It is, however, in the realm of consumption that interactive games have had their greatest influence. Here they exemplify what many authors see as a characteristic of post-Fordism - a switch in emphasis from material to experiential commodities. Digital games build on and extended foundations lain by older generations of broadcast media; console games depended on physical connection to the ubiquitous television set for their entry into the home. But interactive games altered the economics and dynamics of this penetration of domestic time and space. They directly commodify in home entertainment, rather like broadcast TV's reliance on the indirect commodification of advertising. They also dramatically intensify and fluidify the consumption experience, since they can be played anytime, almost anywhere. The escalation of this process runs from Nintendo's introduction of the hand-held Game Boy to the edicts issued by North American office-managers against the playing of Doom on LAN, to the development of game capable cell phones and PDA's; the most recent is Electronic Art's Majesty, an X-Files type conspiracy game in which players will be supplied with clues through their "real life" email, fax or cell-phone, so that they may be contacted by game characters during a work meeting, over dinner, or in bed.
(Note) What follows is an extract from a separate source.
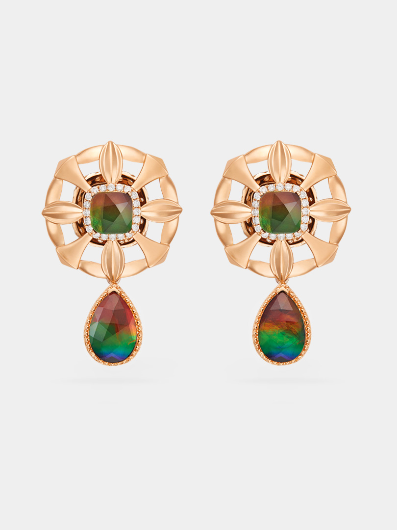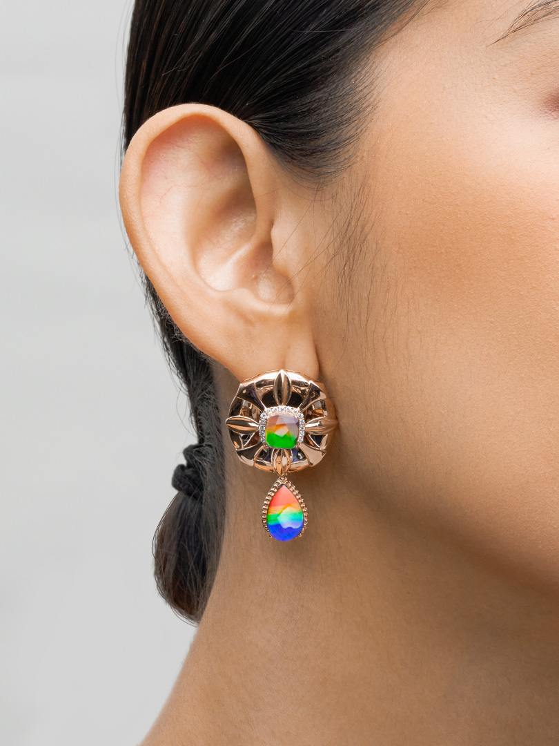 Mesmerizing and eye-catching, these earrings feature an intricate gold structure of a beautiful flower motif with petal-like elements. The centrepiece of each earring is a cushion-cut ammolite gemstone surrounded by a halo of tiny, sparkling diamonds.

Crucial to this intensified absorption of cultural commodities has been a smoothing and speeding of circulation. Though video game companies first relied on the novelty of the new technology to attract interest, they rapidly realized high-intensity marketing was critical to growth. In the early 1990s, competition between Nintendo and Sega made video games test commodities for aggressive, ironic, "in your face," MTV-style television advertising. Nintendo and Sega were among the first companies to "brand" on the electronic frontier, creating an enveloping ambience of games-tips, phone lines, magazines, films, merchandising tie-ins, virtual tournaments, sponsorships, websites, game rentals and trials, and a host of other marketing and public relations strategies. Such an apparatus not only transmits advertising, but also simultaneously gathers transactionally generated information about customer preferences and habits to be resinscribed into the production and marketing process. Video gaming thus became one of the first industries to perfect a post-Fordist "cybernetic cycle" between production and consumption. Kevin Wilson, Technologies of Control: The New Interactive Media for the Home (Madison: University of Wisconsin, 1988).
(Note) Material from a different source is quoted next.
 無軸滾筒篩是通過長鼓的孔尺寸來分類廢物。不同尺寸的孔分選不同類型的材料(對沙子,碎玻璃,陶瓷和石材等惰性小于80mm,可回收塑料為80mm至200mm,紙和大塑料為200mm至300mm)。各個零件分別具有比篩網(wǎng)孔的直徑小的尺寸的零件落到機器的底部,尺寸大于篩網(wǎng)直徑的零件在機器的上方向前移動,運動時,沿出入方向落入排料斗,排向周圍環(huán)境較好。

The cycle reaches new heights with digital gaming's e-commerce experiments. Networked play became widely available with the popular explosion of the Net in the early 1990s. Online game sites have been test beds for a variety of e-revenue models: subscriptions, pay per play, advertisements, sponsorships for tournaments and other gaming events, and numerous hybrids. Equally importantly, online players are guinea pigs for experiments in yet more effectively "closing the loop" between capital and consumer: culling online information, practicing forms of "viral" marketing, getting players to add value to games by distributing their own levels and scenarios; and creating worlds of sociality - virtual communities - predicated on renewed commodity consumption.
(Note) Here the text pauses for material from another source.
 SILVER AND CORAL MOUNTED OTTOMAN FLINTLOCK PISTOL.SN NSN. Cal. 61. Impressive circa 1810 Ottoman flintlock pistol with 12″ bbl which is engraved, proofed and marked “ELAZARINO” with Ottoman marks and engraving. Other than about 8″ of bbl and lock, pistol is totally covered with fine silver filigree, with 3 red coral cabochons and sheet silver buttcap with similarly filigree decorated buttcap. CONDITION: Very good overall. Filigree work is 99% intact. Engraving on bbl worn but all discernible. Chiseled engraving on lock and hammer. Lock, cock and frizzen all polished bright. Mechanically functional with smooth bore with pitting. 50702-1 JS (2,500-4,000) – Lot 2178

The degree of controversy attending interactive gaming may be explained by the ways it impinges on the sphere of social reproduction. One aspect of post-Fordism's search for new markets has been an explosion of selling aimed at youth and children, a process that really ignited in the 1980s. Early video games were part of this moment. They were sold as toys - targeted primarily to boys, aiming to enlist their sense of rebellion and mobilize their "pester-power" to open parental wallets. For the industry, this early implantation yields opportunities to expand by continually "up aging" its products--so that games are now marketed heavily to young adults familiarized with them a decade ago. For cybercapital as a whole, however, the juvenile targeting of interactive toys has a wider significance. Gaming familiarizes children - especially boys - with digital skills (while contributing to a plague of obesity amongst youthful "mouse potatoes"). It thus constitutes a sort of an extra-curricular training ground for immaterial labor, and e-consumers.
All these developments are occurring on an increasingly international scale, in the process hyperbolically represented by popular accounts of globalization - where digital games often figure prominently. Ken Ohmae, business theorist of a "borderless world" speaks of "the Nintendo kids" as a cosmopolitan echelon of youth who are "forging links to global economy, turning their backs on older generations and traditional values, and using new technologies, such as the Internet, to circumvent government restrictions." Kenichi Ohmae, "Letter from Japan" Harvard Business Review May-June 1995: 161-162. Such accounts point for substantiation to the mixed genealogy of video gaming, which began as a US industry, annihilated itself in the Atari crash of 1984, and was revived by a triad of Japanese companies - Nintendo, Sega, and Sony, to subsequently evolve a series of trans-Pacific and trans-Atlantic enterprise webs. These economic forces underpin a cultural hybridization of Japanese anime cartoon styles, American super-heroes, British neo-colonial nostalgia, and German military precision, in a demonstration of post-Fordist "time-space compression" where "the cultural streams of East and West swirl into the Tastee-Freeze of global entertainment." Herz 169-170. The head of Nintendo's game development says, "We don't find any difference in kid's feelings nation-wide or world-wide. Our development R&D is thinking about the world as a target for each of their products."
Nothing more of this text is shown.